■ EXERCISE BRIEF
Using the data below, output a verbatim copy of the lines between the one holding "0.9cm Wide 91cm" and the one holding "Découvrez les qualités", inclusive, without any pictures.

■ RAW DATA
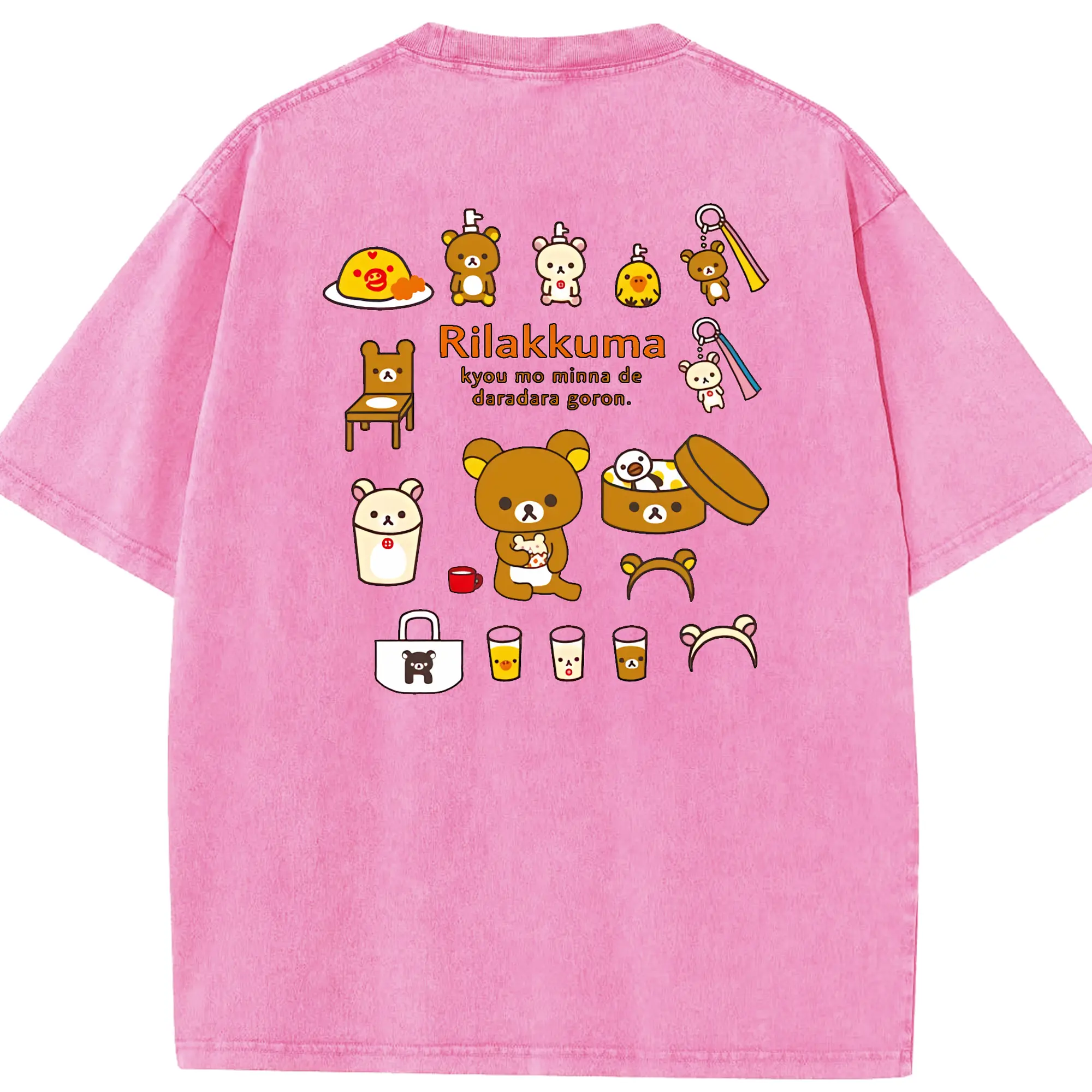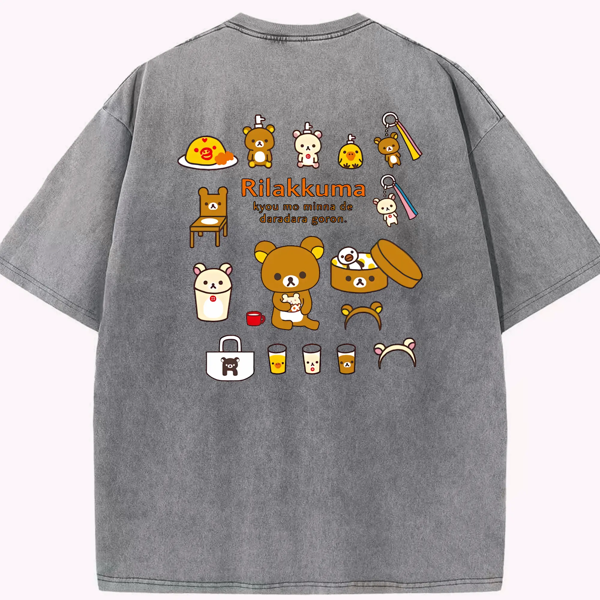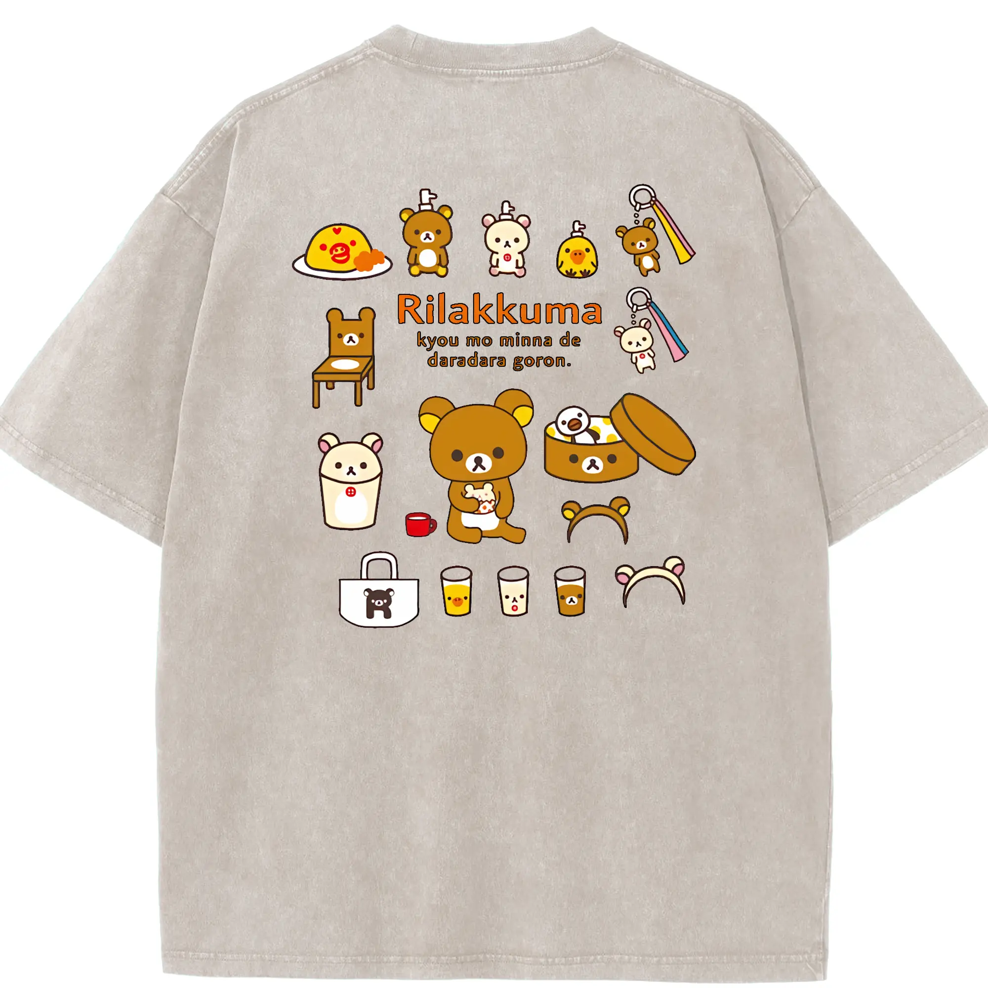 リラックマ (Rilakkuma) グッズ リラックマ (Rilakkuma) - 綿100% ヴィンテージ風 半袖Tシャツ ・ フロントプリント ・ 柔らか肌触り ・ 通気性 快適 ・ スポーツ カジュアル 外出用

* * *

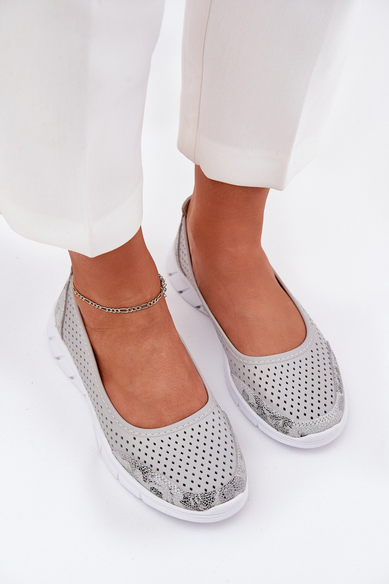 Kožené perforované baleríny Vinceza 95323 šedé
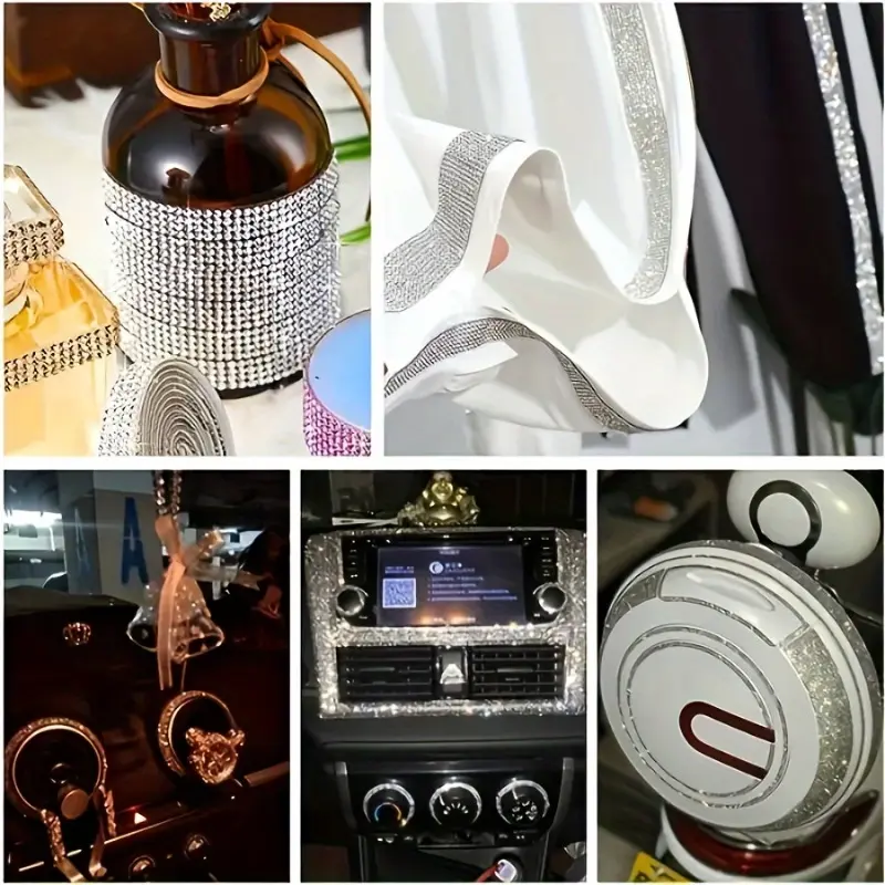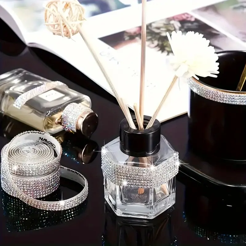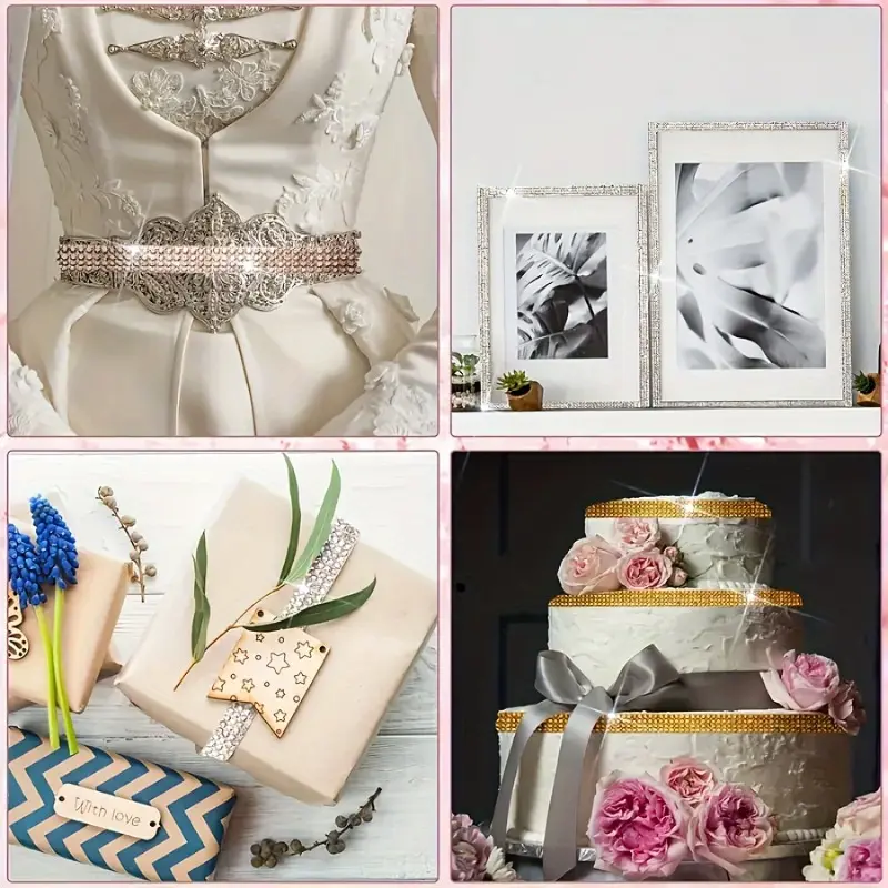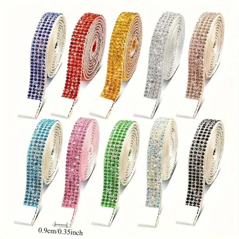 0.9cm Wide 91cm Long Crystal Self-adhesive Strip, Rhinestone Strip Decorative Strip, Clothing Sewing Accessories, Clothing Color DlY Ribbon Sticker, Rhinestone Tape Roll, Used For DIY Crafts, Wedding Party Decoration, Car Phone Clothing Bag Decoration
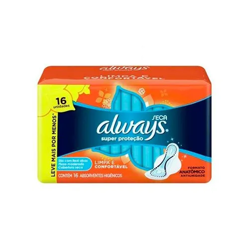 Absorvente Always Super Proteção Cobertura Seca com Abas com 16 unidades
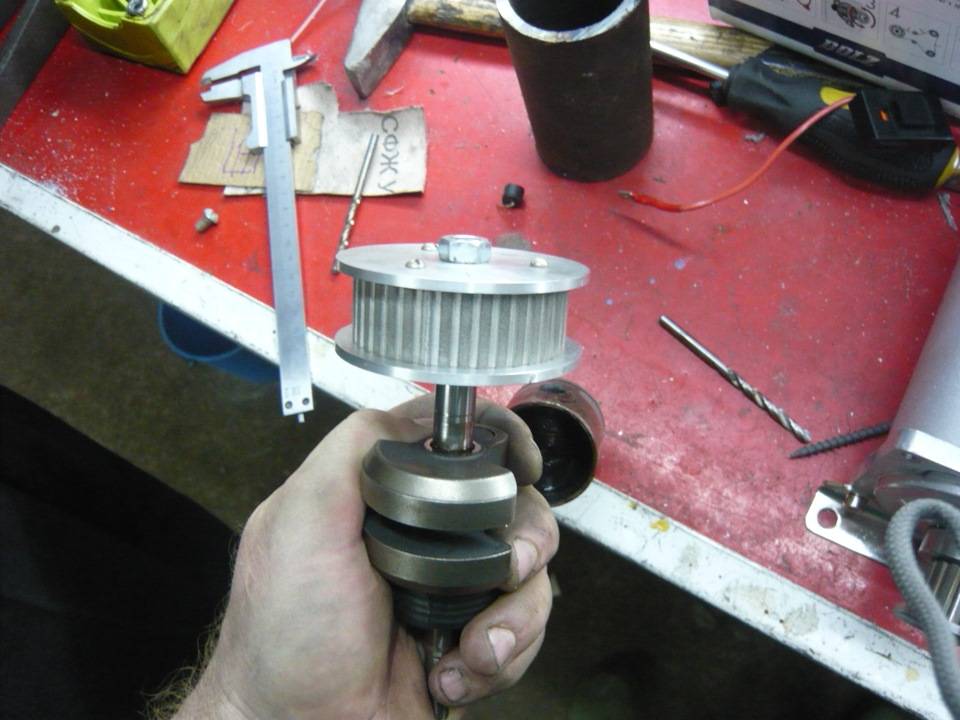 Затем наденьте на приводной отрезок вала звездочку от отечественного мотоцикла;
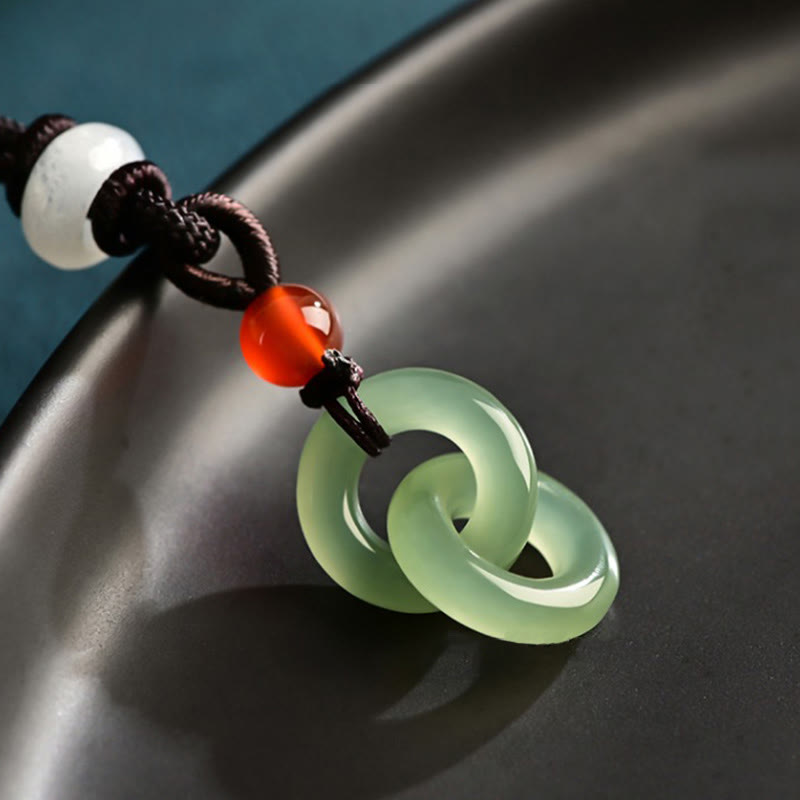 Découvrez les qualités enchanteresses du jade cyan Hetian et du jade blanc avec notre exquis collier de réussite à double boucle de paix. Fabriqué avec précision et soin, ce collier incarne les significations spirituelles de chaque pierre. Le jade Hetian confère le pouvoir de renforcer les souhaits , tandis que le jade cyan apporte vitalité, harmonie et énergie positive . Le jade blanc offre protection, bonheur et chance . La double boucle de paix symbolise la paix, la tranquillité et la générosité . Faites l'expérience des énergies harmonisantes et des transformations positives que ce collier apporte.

■ SOLUTION TO THIS TASK
 0.9cm Wide 91cm Long Crystal Self-adhesive Strip, Rhinestone Strip Decorative Strip, Clothing Sewing Accessories, Clothing Color DlY Ribbon Sticker, Rhinestone Tape Roll, Used For DIY Crafts, Wedding Party Decoration, Car Phone Clothing Bag Decoration
 Absorvente Always Super Proteção Cobertura Seca com Abas com 16 unidades
 Затем наденьте на приводной отрезок вала звездочку от отечественного мотоцикла;
 Découvrez les qualités enchanteresses du jade cyan Hetian et du jade blanc avec notre exquis collier de réussite à double boucle de paix. Fabriqué avec précision et soin, ce collier incarne les significations spirituelles de chaque pierre. Le jade Hetian confère le pouvoir de renforcer les souhaits , tandis que le jade cyan apporte vitalité, harmonie et énergie positive . Le jade blanc offre protection, bonheur et chance . La double boucle de paix symbolise la paix, la tranquillité et la générosité . Faites l'expérience des énergies harmonisantes et des transformations positives que ce collier apporte.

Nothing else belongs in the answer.